Setiap kali bertemu mereka, aku seperti melihat artis F4 di sekolah, entahlah mengapa mataku seakan tak bisa berkedip ketika mereka menghampiri barisan aku dan teman-temanku D’lima yang selalu berkumpul di Mushalla. Senyum mereka yang seakan membius kami ketika melihatnya, mungkin aku terlalu lebay untuk menyampaikannya tapi aku juga simpatik pada mereka karena mereka cerdas, shalih, keren plus cool kayak kulkas hehe. Apalagi BINTALIS yang menjembatani aku dan teman-temanku untuk selalu melihat dan mengintai kegiatan mereka.
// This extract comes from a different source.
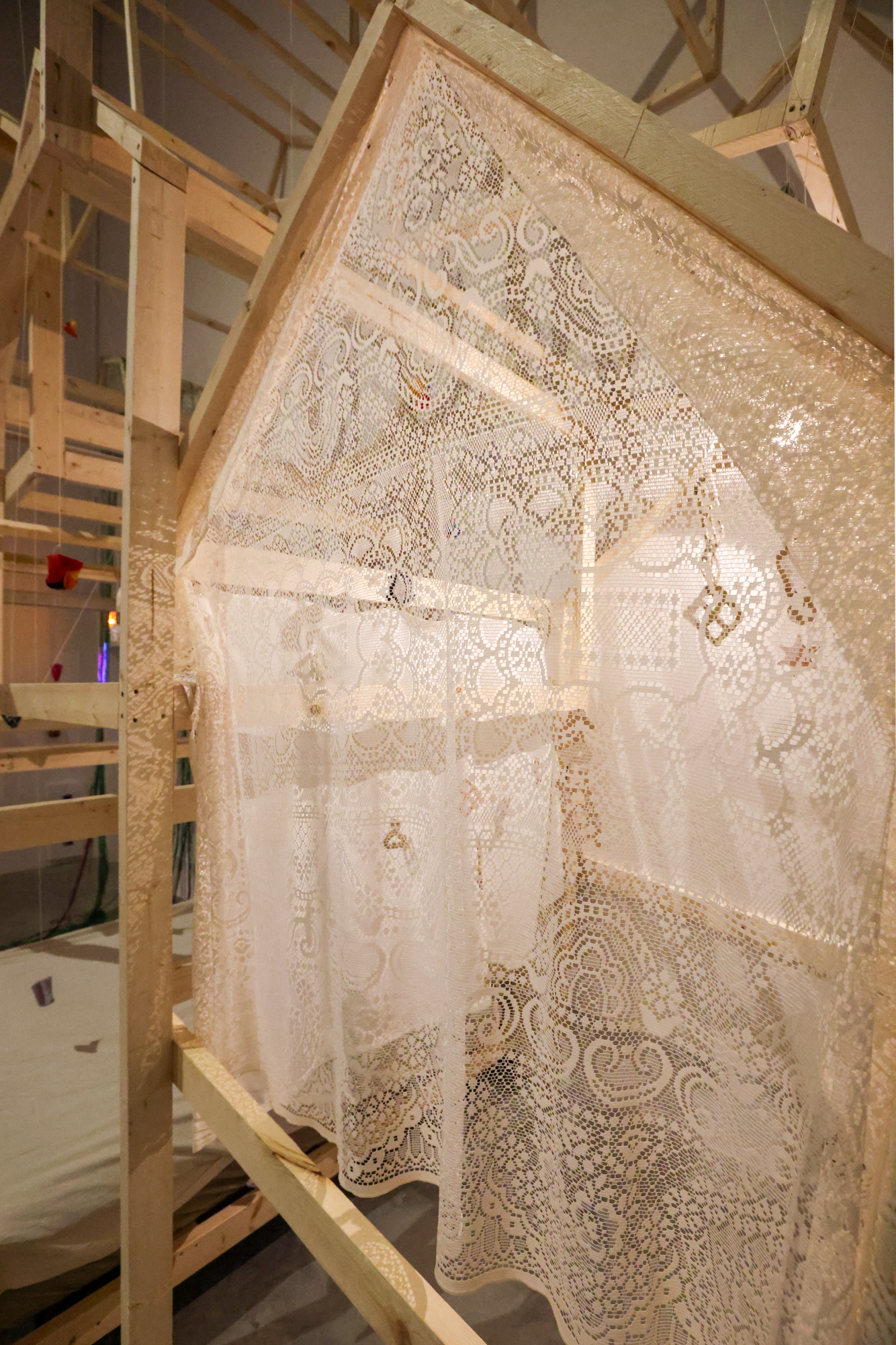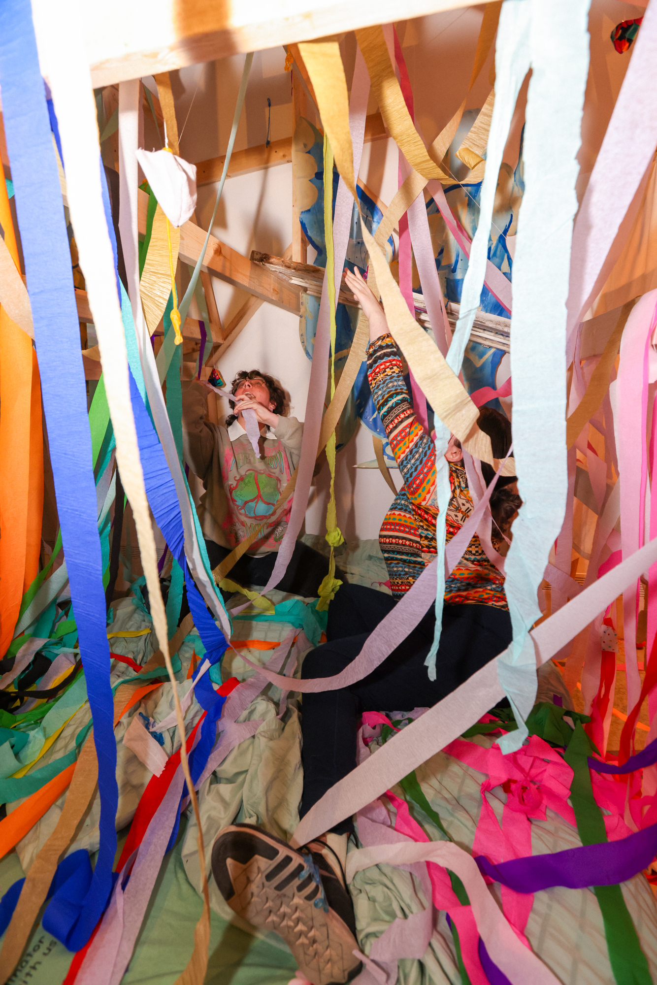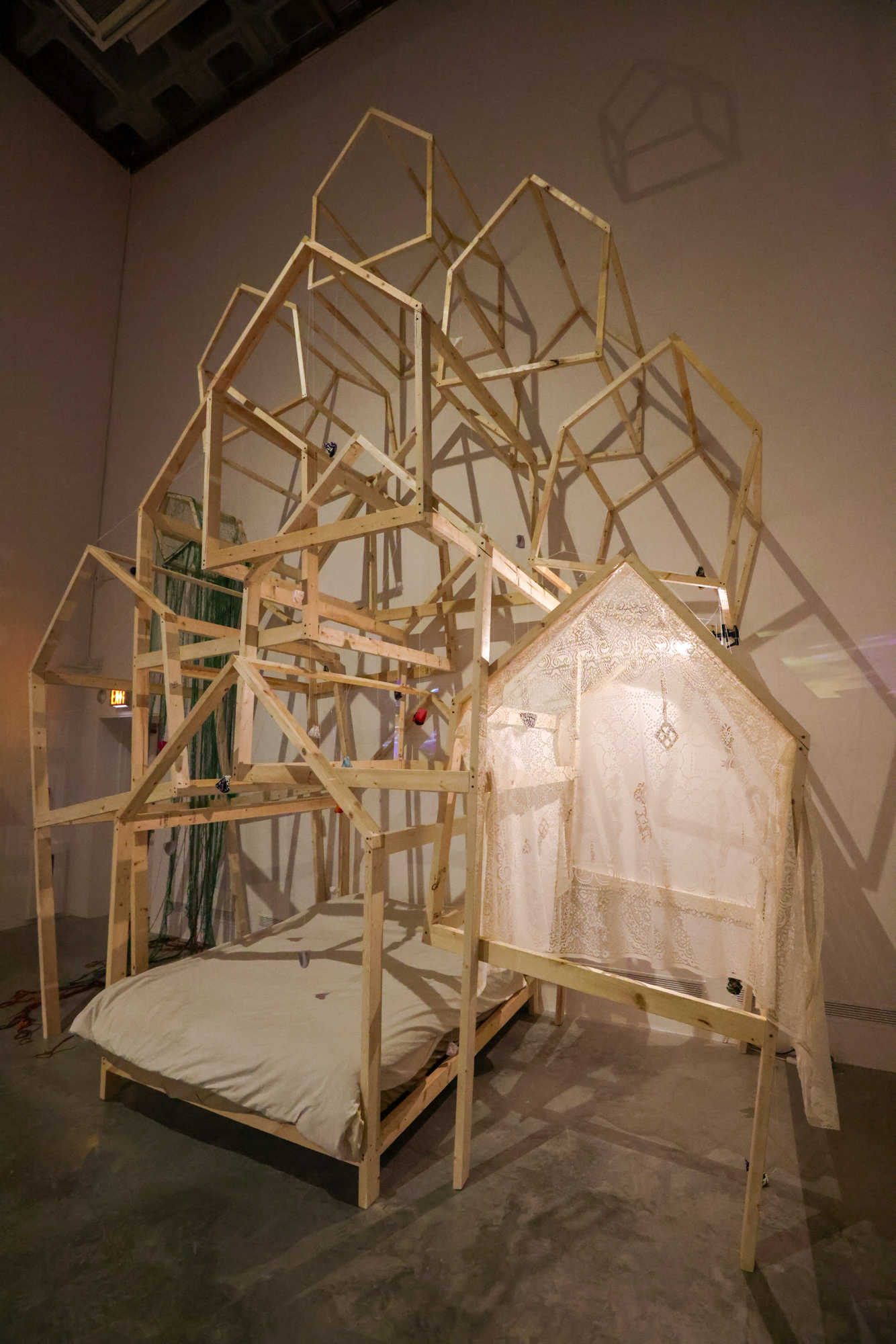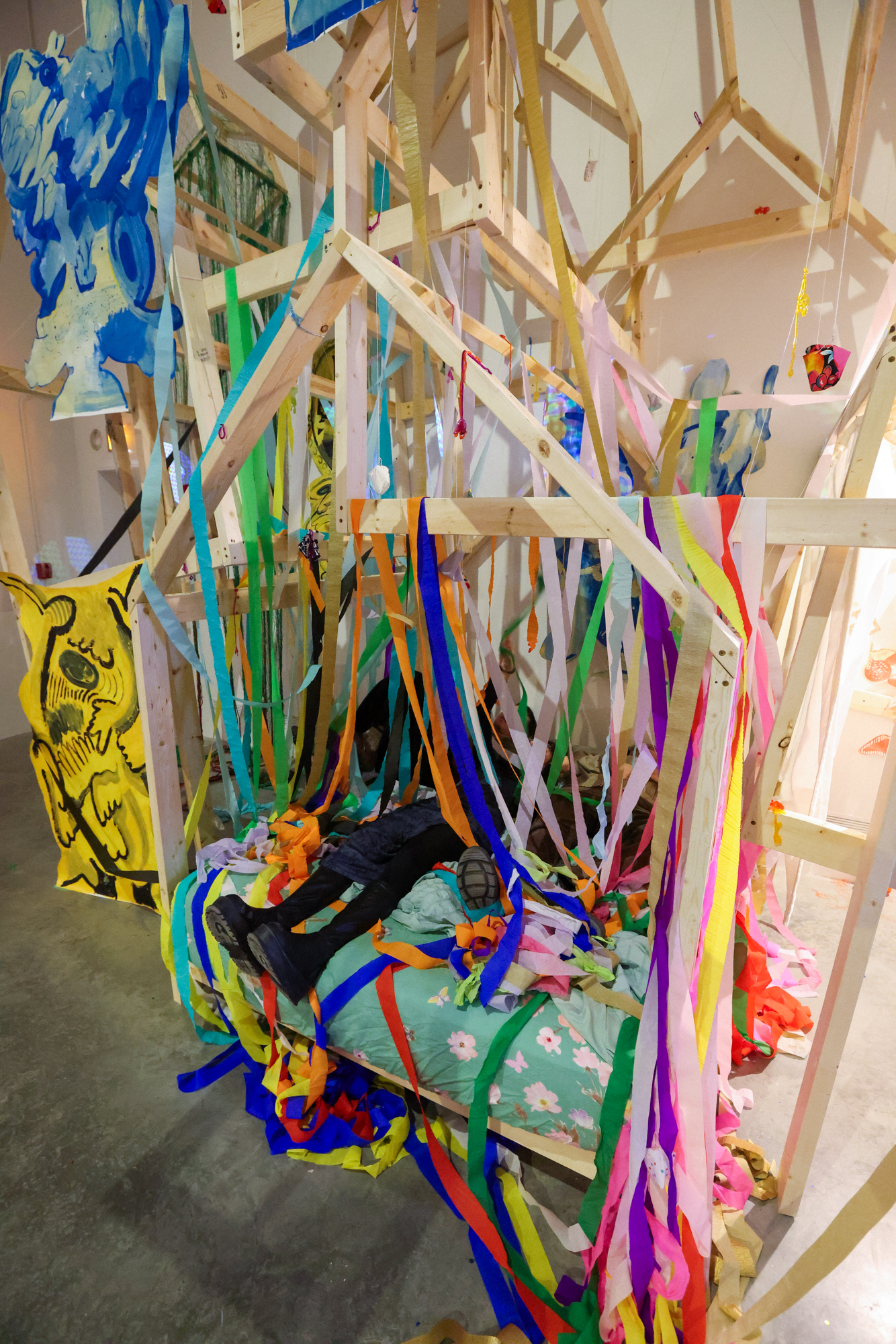 “We wanted to gamify the sculpture and do something that is not usually done in a gallery space. We armed the audience with sticky hands and streamers to throw onto the structure from within the bed. All participants were entered into a raffle to win a mystery gift. We turned the dream structure into an interactive space where the audience creates the art rather than just observes it.”

F4 versi sekolahku ini dibingkai dengan batas-batas Islami. Tapi, aku belum sadar ternyata seniornya yang kuincar telah memiliki pacar di kelasnya juga. Yup, senior yang ku incar bernama kak Rully. Orangnya putih, agak berisi (bisa dikatakan agak gendut tapi gak gendut amatlah), kalem dan cool abis. Dibalik seluruh F4 yang selalu menjadi incaran kami para perempuan di sekolah yang tak pernah beralih dari pandanganku adalah kak Rully. Tapi, setelah kutahu dia memiliki pacar pupuslah harapanku dan aku hanya bisa berharap untuk mereka (dia dan pacarnya) segera putus, namun aku juga tak menginginkan pacaran karena kutahu pacaran itu tidak ada di dalam Islam.

Ada juga ketua OSIS yang tergabung dalam anggota F4 yang namanya kak Nailul. Kak Nai kami menyapanya, orang sopan, bersahaja dan penuh pesona tapi aku tak menyukainya hanya kagum karena dia adalah ketua OSIS di sekolah dan keramahtamahan yang ada pada dirinya.

Grup F4 juga selain basisnya ada di BINTALIS, mereka juga menaungi yang namanya OSIS dan salah satu ketua OSISnya kak Nai ini. Dan beberapa Departemen yang berada di naungan OSIS juga dipegang oleh kakak-kakak yang tergabung dalam BINTALIS. Terbukti dengan hal tersebut, aku dan teman-teman menjadi tertarik dengan yang namanya BINTALIS. Awal mula bergabung dengan BINTALIS karena keramahtamahan kak Nai, selanjutnya grup F4 yang juga merupakan tim nasyid sekolah yang memiliki suara bagus dan penampilan yang keren abis…hehe, lagi-lagi memuji yang berlebihan tentang mereka.

Perpisahan anak kelas III

Perpisahan anak kelas tiga merupakan hal yang menyedihkan bagi banyak perempuan-perempuan yang mengagumi kelompok F4. Pasalnya, kami tak akan pernah bertemu, melihat bahkan mengikuti perjalanan harian mereka lagi. Aku jadi teringat masa di awal MOS siswa baru, kita disuruh untuk mencari 50 tanda tangan dari senior-senior yang ada di sekolah. Pengumuman itu diberitahu di awal MOS berlangsung,  agar di hari terakhir kami yang tercatat masih anak ingusan ini mengumpulkan tanda-tangan tersebut sebanyak mungkin dan tidak ada yang kurang dari 50 tanda tangan, selain itu sarana mengenal kakak-kakak senior yang ada di sekolah agar ketika bertemu di jalan bisa saling menyapa.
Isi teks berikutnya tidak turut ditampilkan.